Adaine yelled out, the sound high and piercing. He gaped down at the blue spike, his arms raised from his sides. Gladdic walked forward. A sphere of light grew from his hand.
"Wait," Adaine gasped. "Don't kill me
, Ordon."
Gladdic pressed his lips together until they disappeared. "That is what we are here to do, Adaine. You chose this moment the same moment you chose to serve the lich."
"There is another option than death. Send me back to the Mists. The rift to them is in the same chamber you came here from."
"I should send you back to the Mists so that you might return here and continue your treachery?"
"You can imprison me. It would only take a handful of the dead to make sure I can't get out. After the siege of Bressel, you won't want for volunteers."
"You have already died once. Do you fear what comes next so deeply?"
Adaine shook his head hard, eyes flying wide at the pain caused by his movement. "It isn't death I fear. I fear not witnessing my god and his servant reshaping the worlds to match their vision of glory."
"You gave Bressel to the lich," Dante said. "You should be happy we're only going to kill you. We should send you back to the Mists to be kicked off a cliff every morning and fed to the dogs every night."
"Then do that very thing, if that's what you require to let me witness what's to come. I won't complain."
"I don't think you're getting me, you dumb bastard. Your treason might have destroyed everything."

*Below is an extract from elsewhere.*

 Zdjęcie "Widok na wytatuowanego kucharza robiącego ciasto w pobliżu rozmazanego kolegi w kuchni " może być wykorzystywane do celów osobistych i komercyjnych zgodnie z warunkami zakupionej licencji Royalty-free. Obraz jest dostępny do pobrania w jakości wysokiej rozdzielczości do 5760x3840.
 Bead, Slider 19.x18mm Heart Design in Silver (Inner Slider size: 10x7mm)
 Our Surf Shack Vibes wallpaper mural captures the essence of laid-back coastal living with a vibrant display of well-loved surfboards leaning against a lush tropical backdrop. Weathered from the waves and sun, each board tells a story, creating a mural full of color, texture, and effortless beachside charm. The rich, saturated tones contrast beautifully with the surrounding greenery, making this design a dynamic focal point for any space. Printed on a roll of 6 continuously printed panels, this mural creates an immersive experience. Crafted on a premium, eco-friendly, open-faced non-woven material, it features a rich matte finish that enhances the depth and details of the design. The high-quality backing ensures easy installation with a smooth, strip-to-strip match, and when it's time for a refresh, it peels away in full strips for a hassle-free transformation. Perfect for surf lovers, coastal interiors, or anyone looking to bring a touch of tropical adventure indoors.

"I was but the tool of my lord, his sword and his hammer. Let me live on in the worst prison your mind can conceive. Just let me watch his will unfold! You must understand, Gladdic. Everything I have ever done was done in the name of Taim!"
"I know that." Gladdic's voice was suddenly gentle. "And that is why you must die."

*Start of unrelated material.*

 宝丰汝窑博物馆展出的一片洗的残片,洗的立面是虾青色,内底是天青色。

Adaine's face had gone pale with shock and pain. He lifted it to Gladdic, a childlike confusion in his eyes. "For my faith and service to our god?"
Gladdic nodded. "For you see, no matter what promises you make us now, if the chance ever arises for you to further Taim's will, you will seize it. What does your word to us matter versus the command of your god? It is your very devotion that makes it assured you will betray us. There is only one road left to us now."
Gladdic lifted his hand to Adaine's brow. A spark of ether arced between them. Adaine's head swung back, his eyes rolling upward, as if searching for some last sight of Taim. He smiled.
He slumped against the gemstone spear holding him up. He held there for a moment, then slid further—although this was an illusion; it was his skin that was sliding down, as if melting free of his flesh, although this was following as well, muscle and viscera, sagging toward the earth, already fraying, dissolving into steam and crumbling into ash.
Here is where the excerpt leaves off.